┌─ The input

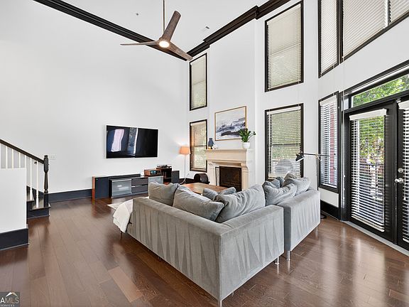 Welcome to this spacious and truly unique 4 bedroom, 3.5 bath townhome, located in the vibrant heart of North Atlanta. This stunning residence offers an exceptional blend of comfort, style, and convenience, perfect for both everyday living and entertaining. Step inside to find gleaming hardwood floors throughout the main levels and a beautifully renovated kitchen featuring sleek stainless steel appliances, marble countertops and large kitchen island. Unique soaring 20-foot ceilings in the living room create a dramatic and airy atmosphere, anchored by the only wood-burning fireplace in the community-a rare and cozy feature for those cool Atlanta nights. Enjoy outdoor living with two expansive wrap-around balconies on this corner unit, plus an additional private balcony off the lower bedroom, offering ample space for relaxing with a morning coffee. The thoughtfully designed floor plan provides generous living areas and seamless flow. With the nearby access point to PATH 400 and with future connectivity to the BeltLine, this home offers easy access to miles of scenic biking, walking, and running trails bringing the best of Atlanta's outdoor lifestyle right to your doorstep. Don't miss the opportunity to own this one of a kind townhome that combines luxury, location, and lifestyle in one perfect package.
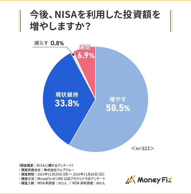 今後、NISAを利用した投資額を増やすかについては、58.5%の人が「増やす」と回答しました。「減らす」と回答した人は0.8%にとどまっています。
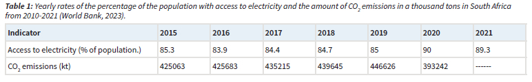 South Africa's reliance on fossil fuels and solid biomass for energy is well-established (Akinbami et al., 2021; Obileke et al., 2024), driven by a growing population and rapid urbanization, which increases the demand for energy and industrial development (Nuissl & Siedentop, 2021). A significant portion of emissions comes from the burning of coal for electricity generation, especially in urban and expanding rural areas in South Africa and worldwide (Runsten et al., 2018). For instance, Australia in the Global North generates over 70% of its electricity from coal, while South Africa relies on coal for more than 77% of its electricity needs (Ncipha & Sivakumar, 2022). The key difference lies in population density: while Australia's smaller population enjoys more widespread access to electricity, South Africa faces challenges in equitable distribution, as shown in Table 1.
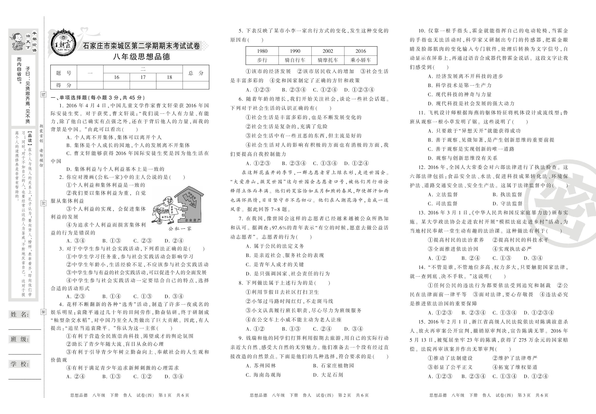 2015-2016学年第二学期石家庄市栾城区八年级道德与法治试卷(鲁人版)【4】
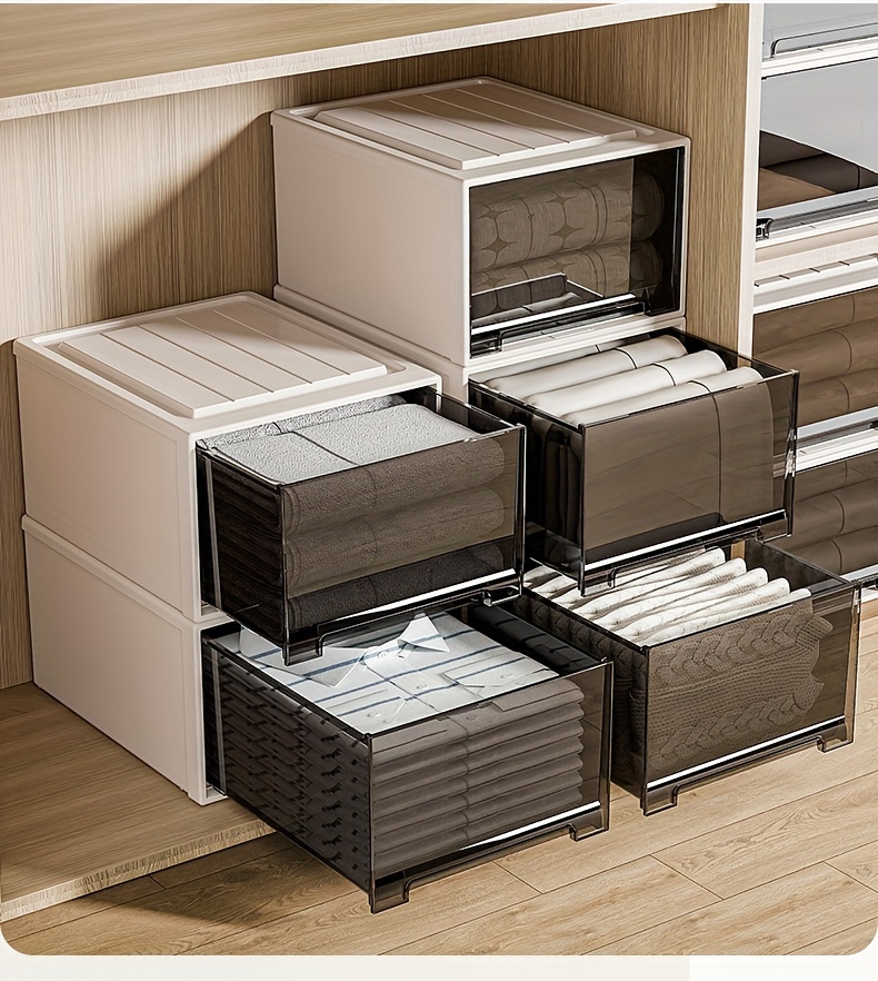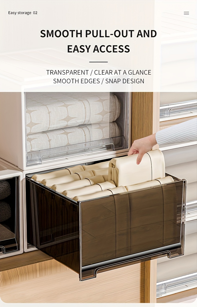1 dona shaffof, to'plangan tortma saqlash qutisi, turli xil narsalar uchun g'ildiraklar bilan. Katta sig'im, suv o'tkazmaydigan, oson yig'iladigan, to'rtburchak shakli. Tishlar, kiyimlar, o'yinchoqlar, kitoblar va boshqalar uchun ideal.
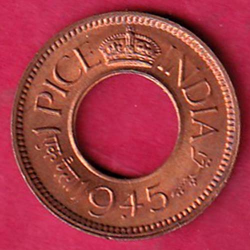 British india king bombay mint george vi 1945 one pice beautiful copper Coin:- S4341
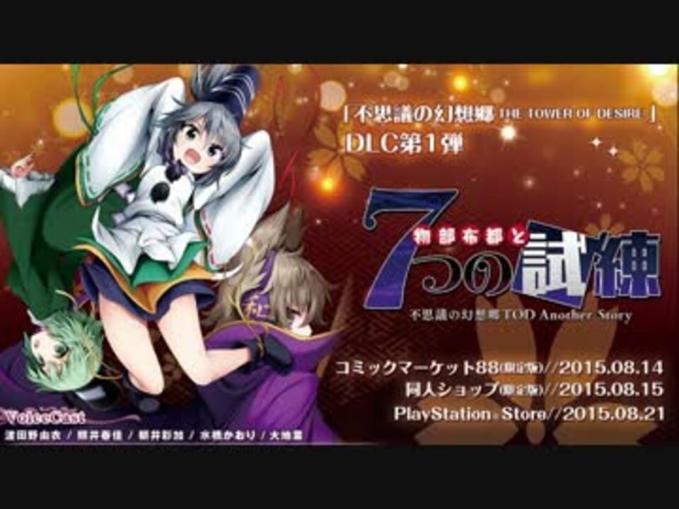 PS Vita専用ソフト『不思議の幻想郷-THE TOWER OF DESIRE-』DLC第一弾<br /> 『物部布都と7つの試練』<br /> 東方Project二次創作 / ダンジョン探索型RPG<br /> 2015年8月14日コミックマーケット88で限定版、先行発売決定!<br /> PS Storeでは8月21日より配信開始予定です。<br /> <a href="http://www.aquastyle.org/fusgigen_tod/special.html" target="_blank" rel="noopener nofollow">http://www.aquastyle.org/fusgigen_tod/special.html</a><br /> <br />不思議の幻想郷TODに第1弾DLCが登場!<br />物語はふし幻TODの前日譚で神子から課せられた、<br />「7つの試練」に布都と屠自古が挑む外伝ストーリー。<br />TODの本編にも「物部布都」がプレイヤーとして参戦、<br />そして「蘇我屠自古」がパートナーとして追加がされます。<br />追加要素多数の大ボリュームDLCで、まだまだその不思議を探して楽しもう!<br /><br />ふし幻TODティザーPV <a href="https://www.nicovideo.jp/watch/sm26161082" class="watch">sm26161082</a><br />
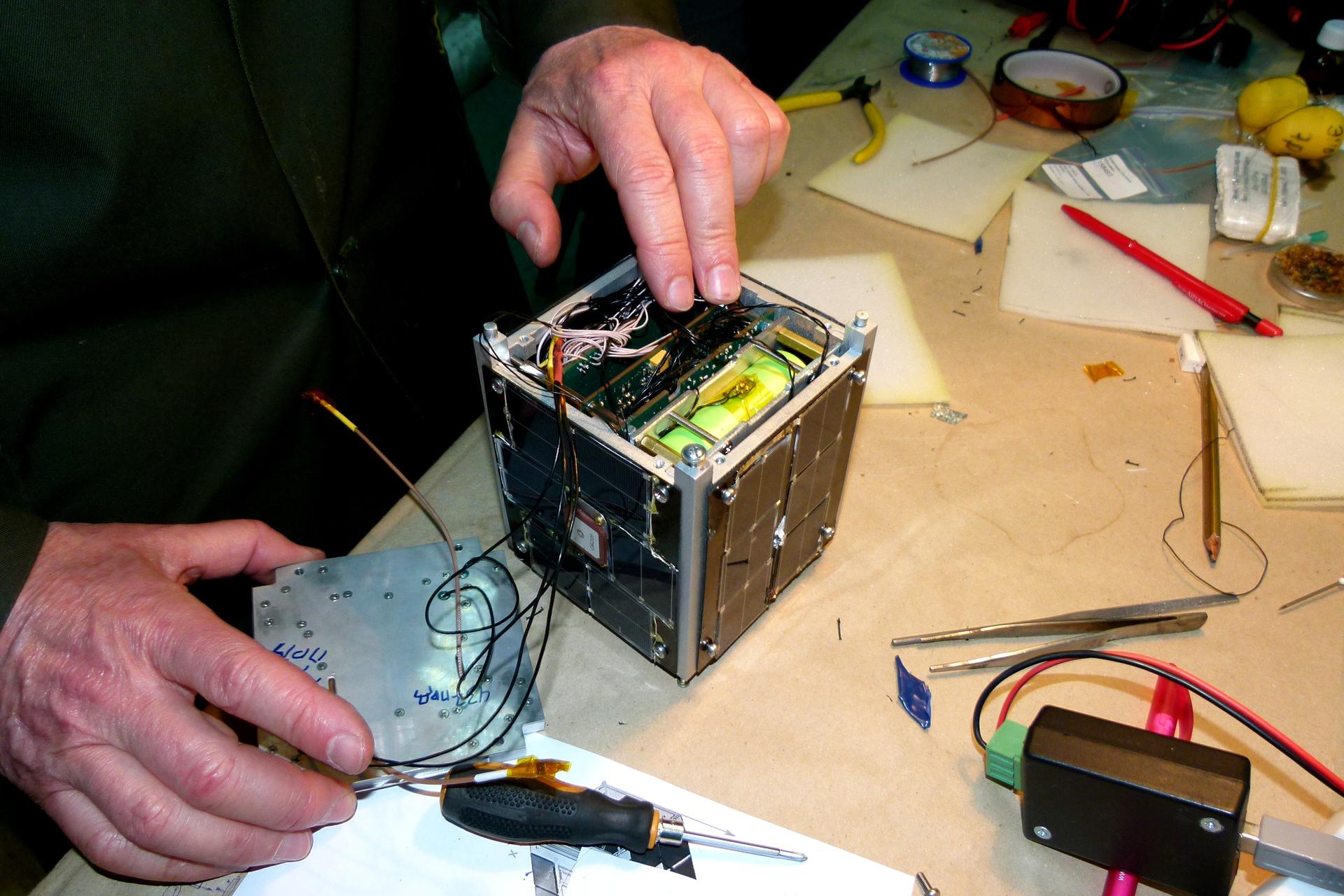 Сборка в подвальном помещении лаборатории вместе с проверкой всех подключаемых элементов заняла больше суток. Довольно ответственная работа, выполняя которую, нужно по сборочным чертежам соединить платы, объединить проводами все элементы спутника в единую систему (платы, внешние датчики, аккумуляторы, солнечные батареи, механизм расчековки антенн, магнитные катушки управления), подсоединить радио и GPS/ГЛОНАСС антенны, правильно установить на панелях датчики направления на Солнце, сами панели прикрутить к спутнику. И в конце подготовить спутник к транспортировке:

└─

Problem requirements:
Beginning with the line above that contains "1 dona shaffof, to'plangan" and finishing with the line that contains "British india king", print those lines exactly and only. Skip all pictures.

Result for this task:
1 dona shaffof, to'plangan tortma saqlash qutisi, turli xil narsalar uchun g'ildiraklar bilan. Katta sig'im, suv o'tkazmaydigan, oson yig'iladigan, to'rtburchak shakli. Tishlar, kiyimlar, o'yinchoqlar, kitoblar va boshqalar uchun ideal.
 British india king bombay mint george vi 1945 one pice beautiful copper Coin:- S4341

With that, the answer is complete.